I wasn't mad, saying, "This has to stop!" or crying and realizing things. I just snapped to my senses and thought, "They can't do this."
It is illegal to take a child from a mother that the government knows has been tortured.
It's not my problem. It's their problem.
They've been doing this for so long, and such incredible gross crimes even, that I was alternating between anger and sadness and shock but feeling like, "I can't believe it. My own parents have proof on their faces and no one is helping them?" No, they broke their hands instead of helping them.
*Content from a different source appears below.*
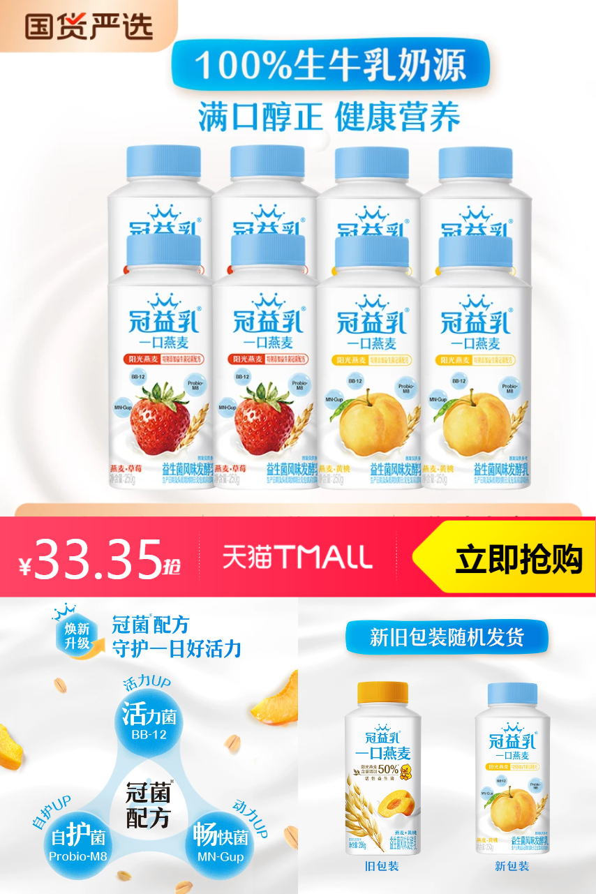 【原价59.9-限时补贴26.55-淘金币0.59-消费券4.04元=到手28.72元】冠益乳低温燕麦酸奶黄桃+草莓味,双味组合营养丰富,快来抢购!超赞~

It is the most unbelievable, shocking story and it's true. We stand here feeling helpless and I see what is done by organizations that are under government sponsorship, and I see evidence disappearing from records, and we all feel the torture and have things happening and I'm the only one talking about it...but for a few moments, a couple of times today I just thought,
"Part of their point, is to have us think it's impossible. They want us to forget and give up. They don't want us to remember what our rights are anymore." They didn't drop torture on me, at least, overnight. It was a very slow progression. It wasn't like one minute we are fine and the next minute, wham, the U.S. military is whacking us. Or, the FBI is hiring spies to take us out and distract us from litigation or pursuing our dreams and then beating us. It was a slow progression of them testing to see how much they could do, and how far they could take things. Once they made a few tests, they set out other framework. I don't think the entire thing was a strategy from start to finish. I don't think someone sat down and said, "This is the blueprint and how we're going to map it out from start to finish, and it starts here, and they end up here..." I think there was definitely some of that going on, but it took a lot more money than careful planning. My feeling is that investments were made and because the task was so incredibly difficult, no amount of money was spared. It wasn't a poor man's game. It was a very rich group's game on a good family name.
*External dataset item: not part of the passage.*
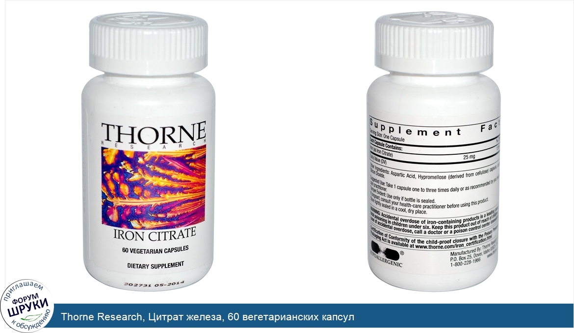Друзья, если у вас есть отзыв/дополнение/комментарий/вопрос относительно Thorne Research, Цитрат железа, 60 вегетарианских капсул - напишите его ответом в эту тему (это будет полезно всему сообществу в целом и вам в отдельности).
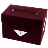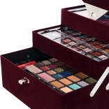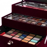 Kozmetični sametni kovček Beauty Case Velvety – temno vinsko rdeč samet – skupaj 74 kosov dodatkov. Vsebuje 32× senčil za oči v 4 kompaktnih paletah, 5× rdečilo za lica, 3× senčila za obrvi, 1× vosek za obrvi, 4× kremna senčila za oči, 4× bleščečo kremo, 2× osnovna senčila za oči, 8× korektor, 2× glos za ustnice, 1× šminko, 1× maskaro, 1× dvostranski svinčnik za oči, 1× dvostranski svinčnik za ustnice, 1× čopič za rdečilo, 1× dvostranski čopič za senčila, 4× dvostranski aplikator, 1× vgrajeno ogledalce. Dermatološko preizkušeno, v skladu s strogimi standardi EU.

So no, I don't accept this is how it is. I don't care if my parents come home looking beat up and with evidence to prove it; I don't care that local police are involved; I don't care that my mother's coworkers and friends try to poison her; I don't care that they bring people into town to make everything look big; I don't care how many people they buy off; I don't care how many people choose to sell out; I don't care that we are tortured and can't prove it with documentation of what kind of military technology it is...I don't care that people have tried to freeze off all our assets and income; I don't care they lied about me and tried to put me in a nuthouse and wrongly medicated me; I don't care they are trying to break my family and make my own parents look nutty "just in case"...I really don't care.
Because it doesn't matter what the slippery slope is or has been, hate crime is hate crime. So I really don't care if the Koch firm and Wasson were in on corruption and protecting the state and those who have not cared if a child suffers. They are in it for the money and they've been paid. You don't think Hollywood, Warren Buffett, Bill Gates, and the "quiet rich" in New York and on the East Coast have money to spare? or that Billy Grahams' business is completely infiltrated with non-christians? or that drug money spent for habits of Judges even on the Supreme Court and big offices of government has anything to do with this?
They feared my family because my parents are great looking, incredibly gifted and talented, and psychic.